Educ. Sci. 2019, 9(2), 136;
Submission received: 30 April 2019 / Revised: 5 June 2019 / Accepted: 13 June 2019 / Published: 16 June 2019
(This article belongs to the Special Issue Engineering Education and Technological / Professional Learning)


Interactive learning technology is an emerging innovation for future communication-aided teaching and learning that could positively enhance students’ engagement and intrinsic motivation. Due to the virtue of interactive communication, classrooms are now anticipated to enable a variety of interaction-based learning technologies with diverse infotainment (a subset of “serious play”) integrated with practical enquiry-based projects and case studies for employability improvement. In this paper, a comprehensive review of various teaching and learning pedagogies is assessed. Their suitability and association with infotainment and interactive technology is discussed and highlighted. In addition, a recent research activity on interactive communication is presented to form a new teaching application using interactive technology and infotainment (or edutainment) appropriate for student engagement in railway geometry and alignment design classes. The development of the integrated interactive technology and infotainment was implemented and evaluated in a postgraduate railway engineering class. Questionnaires were used to survey students’ experiences in the classes with and without the technology enhanced learning. The outcome clearly shows that students enjoyed and felt they were significantly engaged in the class with the new interactive resources. Their participation and learning performance increased. Despite the favourable outcomes, the flexibility and viability of using this interactive technology still largely depends on the students’ background and their previous experience.

1. Introduction

Many British academic institutions are nervous about the outcome of the National Student Survey (NSS). In recent years, many institutions have tried to increase their NSS score by enabling teaching excellence. The NSS outcomes have informed us that students live digitally and they love having digital and interactive technologies embedded in a classroom [1,2]. Some examples are videos (e.g., Panopto, YouTube), infographic social media (e.g., Twitter, Instagram), and other technologies (e.g., Canvas, Blackboard). The uses of interactive technologies have become even more important as more students adopt various technology devices in their lives. These trends prompt the necessity to develop and implement technology enhanced learning, which engage students both inside and outside the classroom. This development indeed responds directly to various elements of the United Kingdom Professional Standards Framework in the Digital Age, such as: A1: design and plan learning activity; A4: develop effective learning environments; K3: how students learn; K4: the use of appropriate learning technologies; and V2: promote participation and equality for learners [3]. The focus of this study is placed on a specialized course for higher education in the United Kingdom. The similarity of the concept can vary from one country or continent to another, depending on the culture, norm, and values embedded in their educational systems. However, such aspects are beyond the scope of this study.

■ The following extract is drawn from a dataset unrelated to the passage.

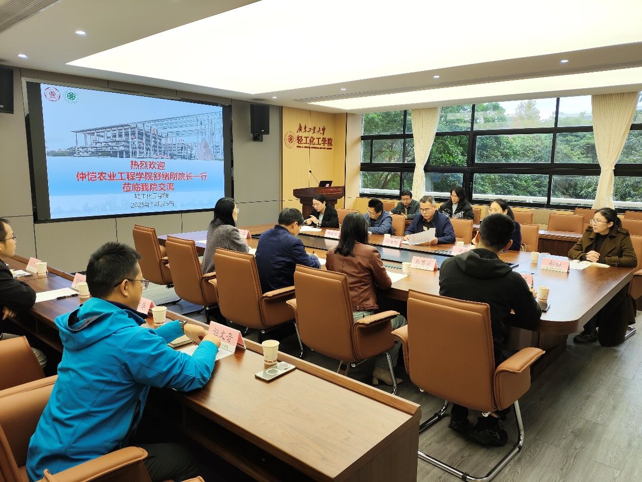 为扎实推进学院工程教育专业认证工作和实验室建设,学习借鉴兄弟院校先进经验,2025年12月25日上午,今年会官方网站院长舒绪刚带队赴广东工业大学轻工化工学院开展专题调研。副院长黄雪、程杏安,化工系主任郝丽、应化系主任邓湘玲,实验室副主任胡洪超及本科生秘书钟莉莎等随行参与调研交流。

A number of diverse information and communication technologies (ICT) have been adopted in higher engineering education sector. By enabling active learning, the common goals are to increase students’ intrinsic motivation, promote participation, and enhance learning outcomes [4,5,6,7]. Despite the diversity of student backgrounds, levels of study, and class environments, many attempts have led to best practices for facilitating ICTs in combination with flexible and suitable teaching pedagogies in higher education. In order to improve the student learning experience, an array of various teaching pedagogies suitable for a class situation are often used [8,9,10,11]. The use of the ICTs can, thus, benefit the adaptive teaching strategies and engage all students with different backgrounds.

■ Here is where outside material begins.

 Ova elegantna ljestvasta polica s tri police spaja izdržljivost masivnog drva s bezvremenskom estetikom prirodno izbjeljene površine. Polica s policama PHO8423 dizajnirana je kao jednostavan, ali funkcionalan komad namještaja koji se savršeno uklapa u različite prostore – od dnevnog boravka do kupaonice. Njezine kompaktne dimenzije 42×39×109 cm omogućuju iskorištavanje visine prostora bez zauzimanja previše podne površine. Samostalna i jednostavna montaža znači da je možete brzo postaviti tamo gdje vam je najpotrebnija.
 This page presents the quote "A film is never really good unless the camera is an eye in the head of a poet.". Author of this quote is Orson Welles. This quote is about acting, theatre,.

Previous case studies in higher education institutions have demonstrated many benefits of interactive technology, such as clickers, student response systems via smart phones or tablets, interactive board, etc. [12,13,14]. The studies based on only student perceptions (opinion-based survey) found that students enjoy using the interactive technology and become much more engaged. With respect to clickers, Beatty et al. [15], Martyn [16], and Bruff [17] also found that clickers provide an anonymity for students to actively participate in class without fear of public humiliation; the tool creates “fun” and “game-based learning” that engages students more than traditional teaching. The peer game-based instruction could support deep learning [18]. This could be done by developing a class quiz for students to work individually or as a team to compete for the most appropriate, most-efficient, lowest-cost, or lowest-carbon-footprint solutions. Based on a number of similar findings in various cases [12,19,20], the integration of interactive technology and infotainment (a teaching medium both to entertain and to inform) can be complementarily established. The use of entertainment for an interactive teaching pedagogy has been acknowledged worldwide. For example, Jenkin [21] fully supported “fun” in teaching from his statement “play not only aids children’s mental and physical health, it teaches them risk taking and problem solving skills, promoting imagination, independence, and creativity.” This nature could be applied to higher education learners. In addition, clickers could be used as an alternative tactic to traditional class discussion in order to enhance active learning pedagogy [16,22,23].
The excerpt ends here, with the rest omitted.